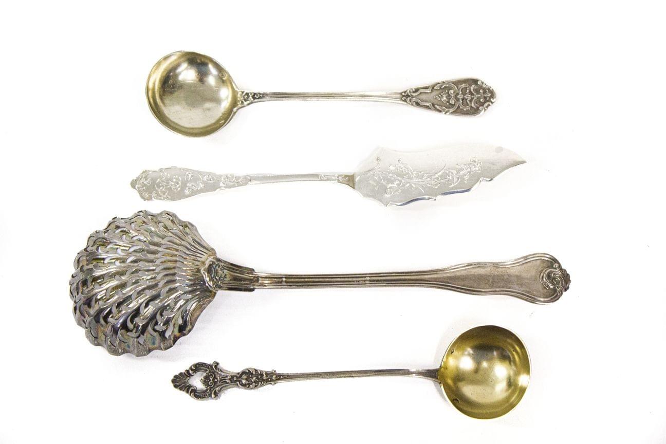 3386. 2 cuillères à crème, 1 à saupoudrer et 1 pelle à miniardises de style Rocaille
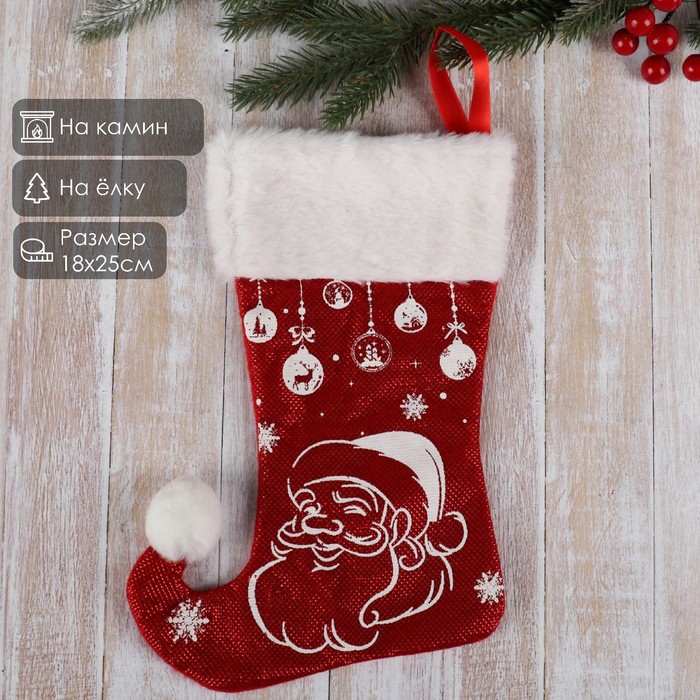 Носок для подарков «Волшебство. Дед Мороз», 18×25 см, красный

==

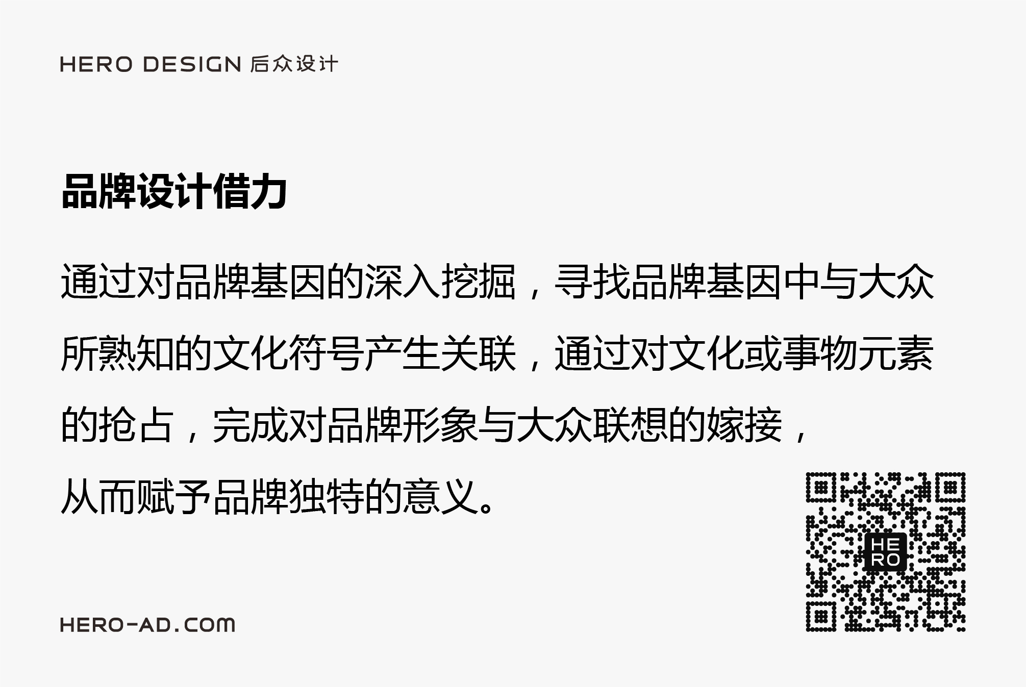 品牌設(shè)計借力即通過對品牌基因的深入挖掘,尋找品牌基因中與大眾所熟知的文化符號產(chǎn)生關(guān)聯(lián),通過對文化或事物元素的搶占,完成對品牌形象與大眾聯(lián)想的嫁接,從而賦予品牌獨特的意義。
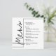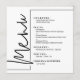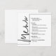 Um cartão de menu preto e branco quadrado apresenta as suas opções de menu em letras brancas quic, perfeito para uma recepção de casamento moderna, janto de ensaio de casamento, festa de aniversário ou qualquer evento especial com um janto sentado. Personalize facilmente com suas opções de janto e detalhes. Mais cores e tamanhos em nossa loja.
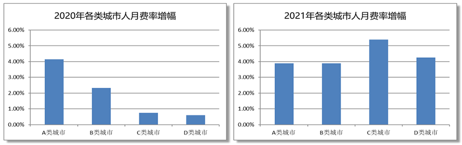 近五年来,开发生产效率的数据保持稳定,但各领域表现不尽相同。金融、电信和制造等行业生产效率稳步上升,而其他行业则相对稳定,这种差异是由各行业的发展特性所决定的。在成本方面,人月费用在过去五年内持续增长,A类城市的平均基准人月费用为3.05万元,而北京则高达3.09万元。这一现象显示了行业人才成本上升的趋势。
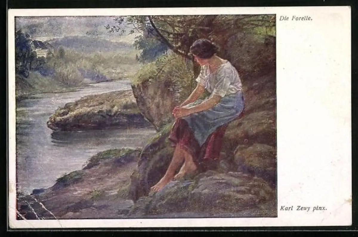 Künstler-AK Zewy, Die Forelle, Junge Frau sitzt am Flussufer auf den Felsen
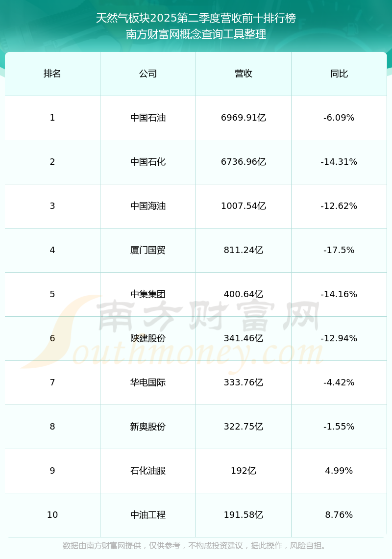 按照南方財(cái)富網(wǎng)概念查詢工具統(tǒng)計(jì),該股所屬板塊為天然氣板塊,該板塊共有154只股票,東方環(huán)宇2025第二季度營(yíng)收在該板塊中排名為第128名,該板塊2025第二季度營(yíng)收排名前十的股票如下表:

__Assignment__. What is wanted is an exact copy of the lines above from the one containing "3386. 2 cuillères" through the one containing "Носок для подарков", with no pictures in it.

__Result below__.
 3386. 2 cuillères à crème, 1 à saupoudrer et 1 pelle à miniardises de style Rocaille
 Носок для подарков «Волшебство. Дед Мороз», 18×25 см, красный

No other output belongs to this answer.